Мы пьем до боли в горле, пока не пьянеем вдрызг, и не рвем глотки от пьяного смеха. Мне все больше и больше становится плевать на то, что происходит с нами. В эту ночь необходимо все забыть, и я быстро забываю обо всем, что пообещал себе сделать с ней, и с тем, кто стоит за всем этим. Это кажется настолько бесполезным. Теперь, когда она моя…теперь, когда она помнит начало нашей истории…зачем причинять боль тому, кто все у меня отнял? У меня уже все есть.
Поворачивая голову, я ставлю бутылку между нами, и смотрю на нее. Она прекрасна. Я люблю ее и ненавижу так сильно! Я не знаю почему, но не могу просто взять и выбросить ее из души. Это чертовски не похоже на меня. Мать вашу, да я никогда ни к кому не привыкал. Она исключение. Девушка, которая продолжает бежать от меня, продолжает дразнить и соблазнять собой, даже если ее ждут жесткие последствия. Настолько жесткие, что я стал ненавидеть ее за это. Да, для меня виной всему — она. Возможно, это несправедливо. Слишком, мать вашу, херово. Жизнь несправедлива. День, когда они отняли у меня возможность мыслить здраво, стал днем, когда ненависть выжгла во мне все. Я даже не думал, что выживу после этого.
Она бросает пустую бутылку на заднее сидение. Я думаю, если она заменит одну пагубную привычку другой, вреда не принесет. Мне приходится забыть о надобности наказывать. Но кажется, я не могу допустить мысли о том, чтобы отпустить ее.

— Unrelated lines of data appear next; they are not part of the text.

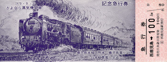| ◆さよなら蒸気機関車 熊本-鹿児島電化記念急行券 1970年/昭和45年9月30日発行 | ||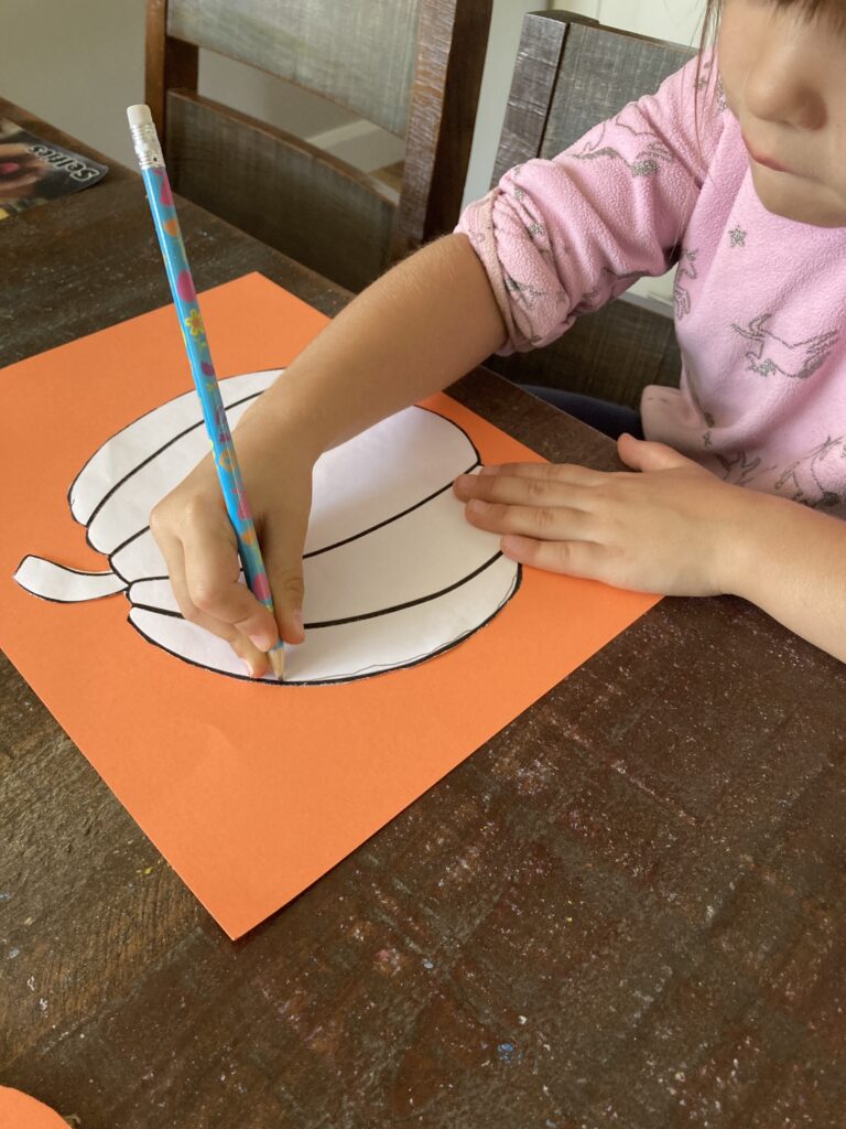 Of course you don’t need to use our template for your pumpkins. We have had larger paper to work with before. So the kids would draw a large circle and cut that out to make a bigger pumpkin. The template is just for your convenience. 😉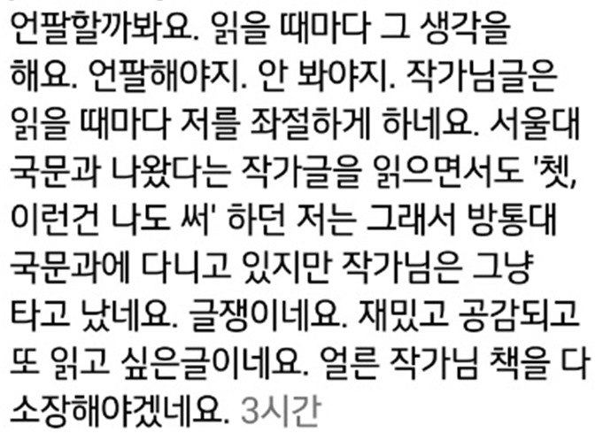 독자님께서 왜 이런 내용의 댓글을 달았는가 하면, 바로 어제 인서타에 올린 글의 내용 중에서 무명 글쟁이 이경은 대학을 나오지 않았다아아, 하는 부분이 있어서 그런 게 아닌가 싶은데, 엣헴.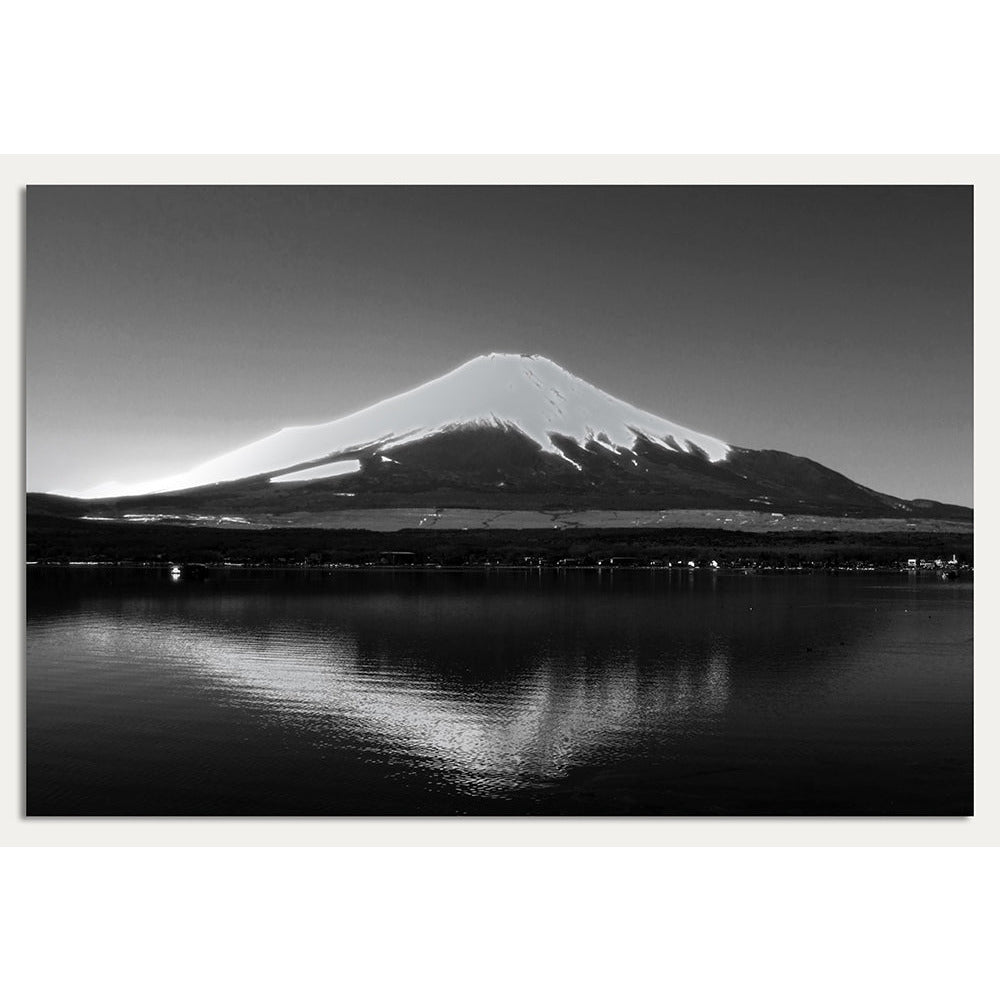 In the production of the Alu-Dibond wall pictures White areas are deliberately left out to create the metal effect . Our aluminum picture shows Mount Fuji in black and white, surrounded by a glittering landscape. The high-quality aluminum guarantees a modern look and durability.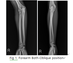 - ulna과 radius의 fracture 및 fracture에 따르는 elbow joint과 Articulations of hand의 변위 등의 병변 유무를 관찰한다.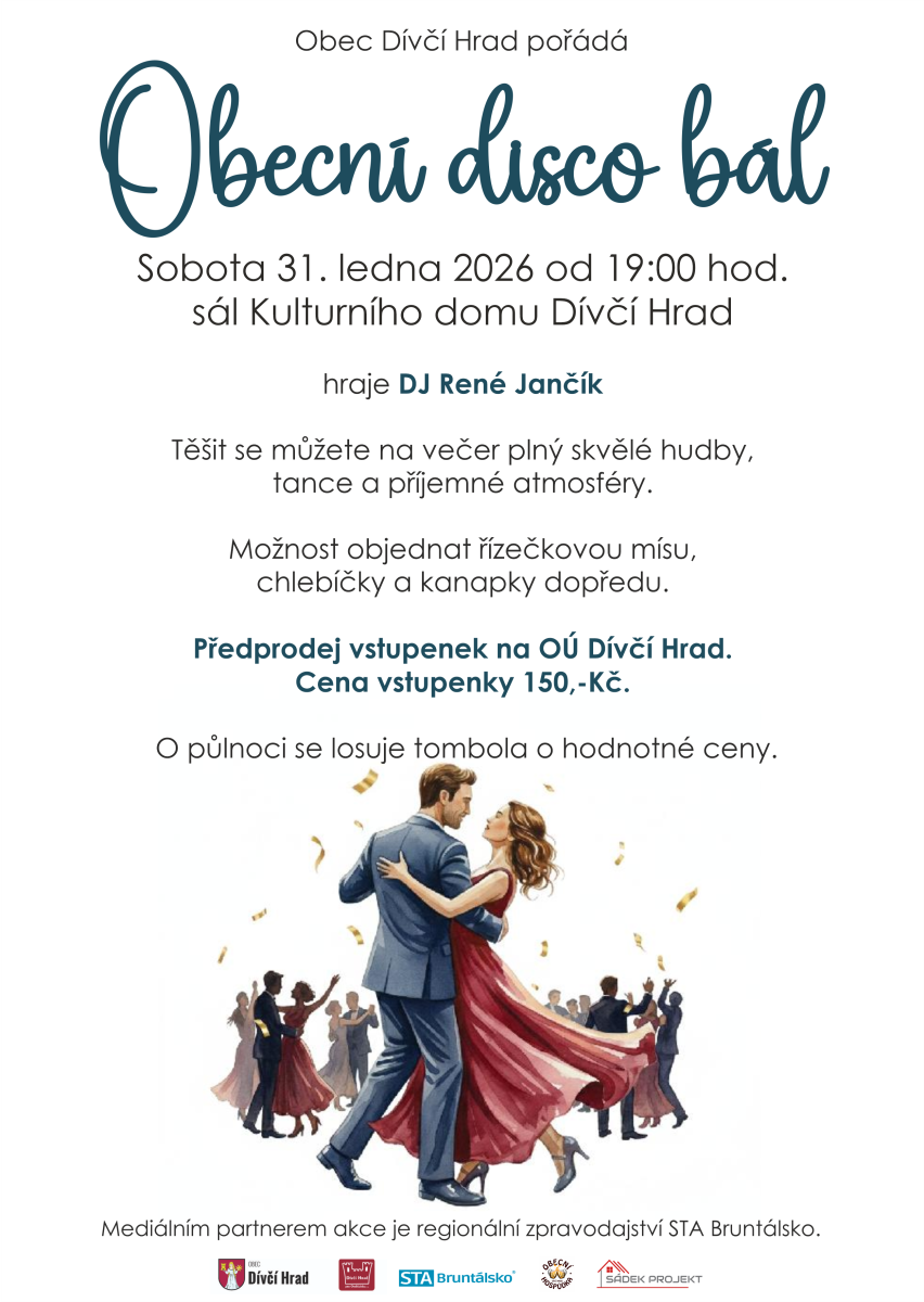 DÍVČÍ HRAD | Obec Dívčí Hrad srdečně zve všechny občany a přátele obce na Obecní Disco Bál, který se uskuteční 31. ledna 2026 od 19:00 v místním kulturním sále.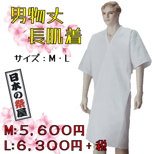 男物丈長肌着です。 【サイズ】L:身丈115cm 身巾約68cm 裄約60cm 袖口約23cm 袖付約27cm 【素材】身頃・袖(綿100%) 掛衿(キュプラ100%) ※お取り寄せ商品のため、発送まで少々お時間がかかります。また、返品・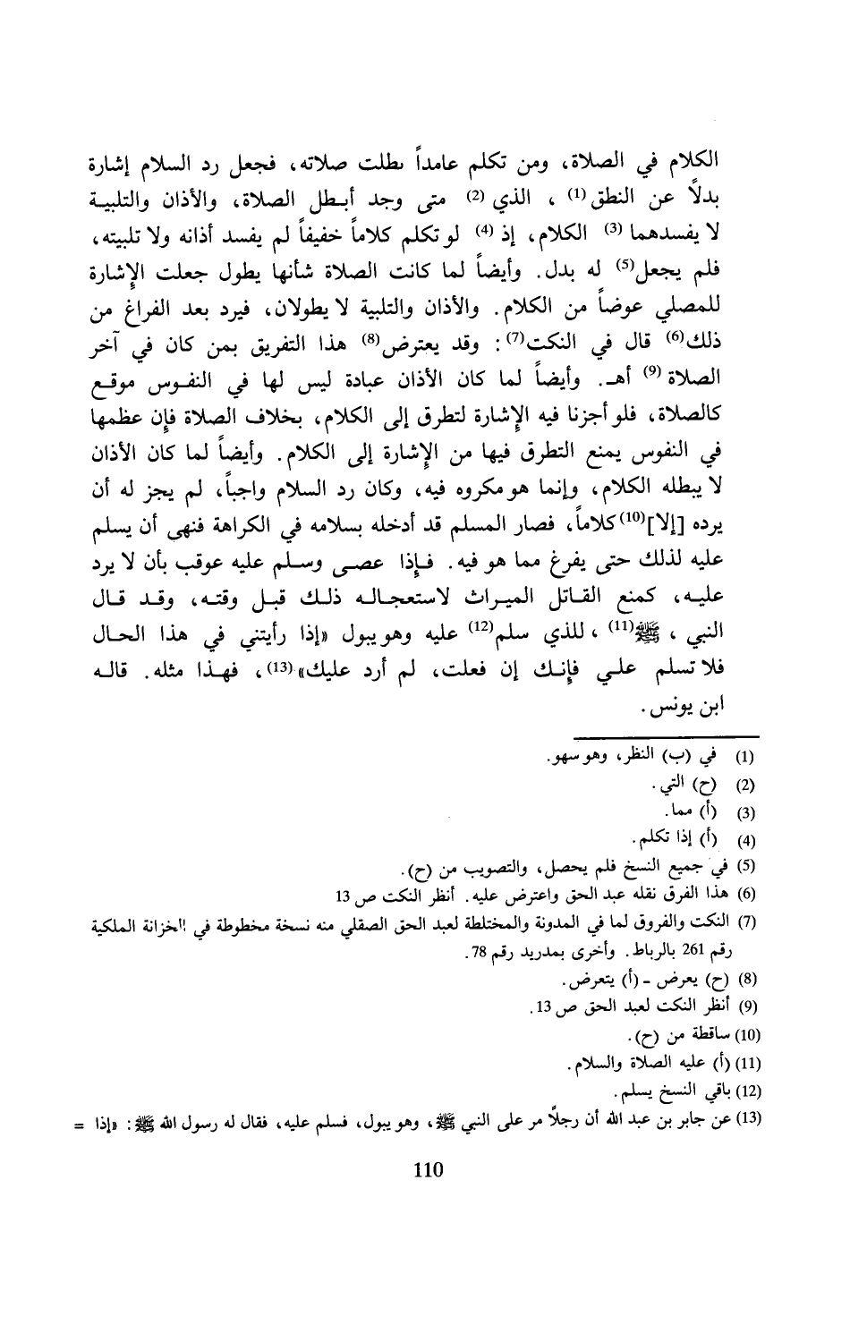 الكلام في الصلاة، ومن تكلم عامدًا بطلت صلاته، فجعل رد السلام إشارة بدلًا عن النطق (¬1)، الذي (¬2) متى وجد أبطل الصلاة، والأذان والتلبية لا يفسدهما (¬3) الكلام، إذ (¬4) لو تكلم كلامًا خفيفًا لم يفسد أذانه ولا تلبيته، فلم يجعل (¬5) له بدل. وأيضًا لما كانت الصلاة شأنها يطول جعلت الإِشارة للمصلي عوضًا من الكلام. والأذان والتلبية لا يطولان، فيرد بعد الفراغ من ذلك (¬6) قال في النكت (¬7): وقد يعترض (¬8) هذا التفريق بمن كان في آخر الصلاة (¬9) أهـ. وأيضًا لما كان الأذان عبادة ليس لها في النفوس موقع كالصلاة، فلو أجزنا فيه الإِشارة لتطرق إلى الكلام، بخلاف الصلاة فإِن عظمها في النفوس يمنع التطرق فيها من الإِشارة إلى الكلام. وأيضًا لما كان الأذان لا يبطله الكلام، وإنما هو مكروه فيه، وكان رد السلام واجبًا، لم يجز له أن يرده [إلا] (¬10) كلامًا، فصار المسلم قد أدخله بسلامه في الكراهة فنهى أن يسلم عليه لذلك حتى يفرغ مما هو فيه. فإذا عصى وسلم عليه عوقب بأن لا يرد عليه، كمنع القاتل الميراث لاستعجاله ذلك قبل وقته، وقد قال النبي، - صلى الله عليه وسلم - (¬11)، للذي سلم (¬12) عليه وهو يبول "إذا رأيتني في هذا الحال فلا تسلم علي فإنك إن فعلت، لم أرد عليك" (¬13)، فهذا مثله. قاله ابن يونس.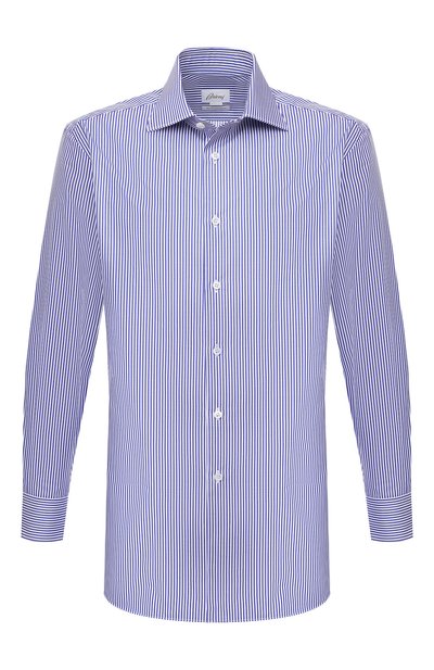 Голубая сорочка в акцентную синюю полоску выглядит не так формально, как однотонные модели, но по-прежнему удачно рифмуется со строгими брюками и пиджаком. Для пошива изделия из весенне-летней коллекции мастера марки использовали плотный дышащий хлопок длинноволокнистого сорта. Все детали выкроили вручную.
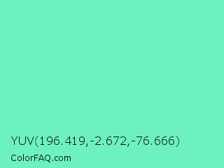 YUV 196.419,-2.672,-76.666 Color is a light green color and the nearest color is Medium Aquamarine #66ddaa. Hex code #6df2bf and RGB value is rgb(109,242,191). In RGB color space, this color is composed of 43% red, 95% green, 75% blue, In CMYK color space, this color is composed of 55% cyan, 0% magenta, 21% yellow , 5% black , In HSL color space, this color has a hue angle of 157° , 84% saturation and 69% lightness.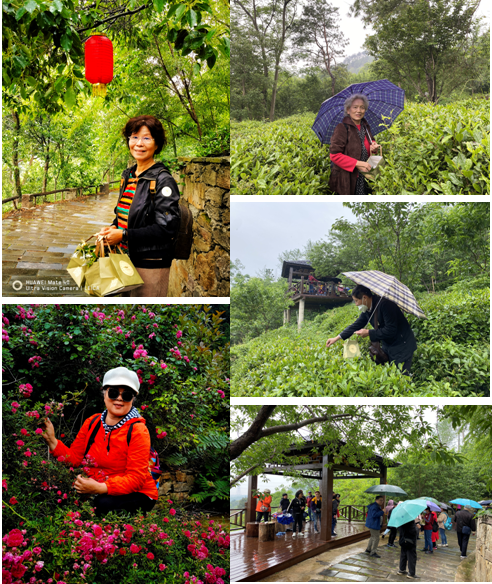 出发前往目的地。老同志个个精神饱满,对三年疫情后学院老协组织的首次春游活动充满期待。见到多年不见的同事,大家非常高兴和激动,一路欢声笑语,彼此分享着自己的退休生活,三年疫情带来的阴霾被一扫而光。上午10时左右,大家到达目的地“花香茶谷”。虽然天公不作美,开始下起了小雨,但老同志们的兴致没有受到丝毫影响。大家打着伞,在雨中边漫步边拍照,呼吸着清新的空气,有老同志戏谑称这是“雨中情”。
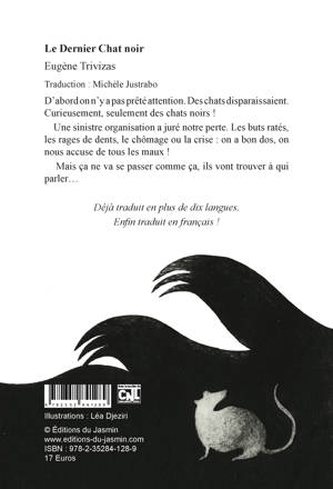 Le Dernier Chat noir, publié en Grèce en 2001, a été immédiatement traduit en anglais puis en de nombreuses autres langues (chinois, italien, espagnol, russe, hébreu, turc, norvégien, etc.). Sous la forme d’une fable animale, ce roman aborde par le biais de l’humour et de la satire le sujet du racisme, éraflant aussi au passage le monde politique, son opportunisme et sa corruption. Les chats noirs, ça porte malheur, dit-on. Ils sont les boucs émissaires et la source de tous les maux : fientes de pigeon, rage de dents, chômage ou crise. À la veille des élections, les ministres l’ont vite compris : ils vont prêter main-forte à une sinistre organisation qui ne jure que par l’anéantissement complet de l’espèce. Mais sur leur route va se dresser un chat noir, bien sûr, un chat des rues, combatif et qui n’a pas sa langue dans sa poche. Le récit, plein de suspense et d’action, nous embarque dans un monde qui rappelle l’univers de Jacques Prévert, Roald Dahl ou Georges Orwell. Un texte drôle et inventif, porteur de valeurs humaines, qui captive petits et grands.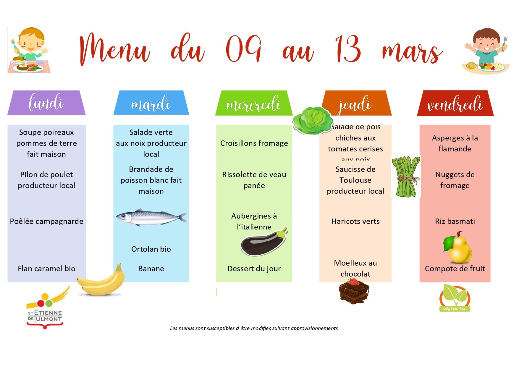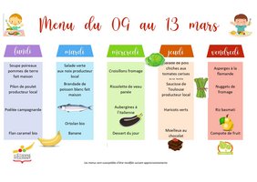 Voici le menu de la cantine pour cette semaine, retrouvez tous les menus dans la rubrique Au Quotidien - Restauration scolaire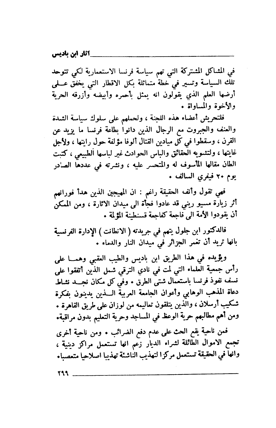 ويؤيده في هذا الطريق ابن باديس والطيب العقبي وهما على رأس جمعية العلماء التي لمت في نادي الترقي شمل الذين اتفقوا على نسف نفوذ فرنسا باستعمال شتى الطرق. وفي كل مكان نجد نشاط دعاة المذهب الوهابي وأعوان الجامعة العربية الذين يدينون بفكرة شكيب أرسلان، والذين يتلقون تعاليمه من لوزان على طريق القاهرة. ومن أهم مطالبهم حرية الوعظ في المساجد وحرية التعليم بدون مراقبة.

Мать твою, почему все настолько херово!? Я привык заботиться о ней, но где-то на тропе заботы я свернул к презрению. Она должна была знать о камере, должна была знать, что ее отец следит за каждым ее шагом. Она обвела меня вокруг пальца, чтобы я трахнул ее. Мой маленький сексуальный птенчик. Она — мой враг, но я могу лишь хотеть ее. Я поднимаю руку и заправляю прядь волос ей за ухо. Теперь дело не в том, что я хочу ее тело, хочу трахать ее всеми известными мне способами. Теперь это больше. Она должна принадлежать мне. Она будет моей, пока я не сдохну.
Я все еще хочу наказать ее. Я никогда не терял жажды к ее крови. Мне всегда нужны будут ее страх и боль. Таким я был рожден. Таким меня вырастили. Это все, что я видел в жизни. Все, чем я стал. Монстр, влюбленный в боль и смерть. Как это жалко.
— О чем думаешь? — невнятно спрашивает она.
Я фыркаю.
— Мне стоило бы спросить тебя о том же самом в момент, когда ты все вспомнила.
— Я знаю… — она моргает несколько раз, и хмурится. — Я не уверена, как я чувствую себя. Я едва могу поверить, что все это правда, но это у меня в голове… так что, пожалуй, правда.
— Так тяжело поверить в то, что ты когда-то меня хотела?
Она поднимает голову.
— Нет, но…
— Даже больше, чем я хотел тебя?
Она делает резкий вдох.
— Ублюдок.
Я ухмыляюсь.
— Мистер Ублюдок для тебя.
Она фыркает так громко, что почти закашливается.
Я смеюсь.
— Знаешь, когда я впервые трахал твою киску, звуки, который ты издавала, были похожи на то, как ты сейчас смеешься.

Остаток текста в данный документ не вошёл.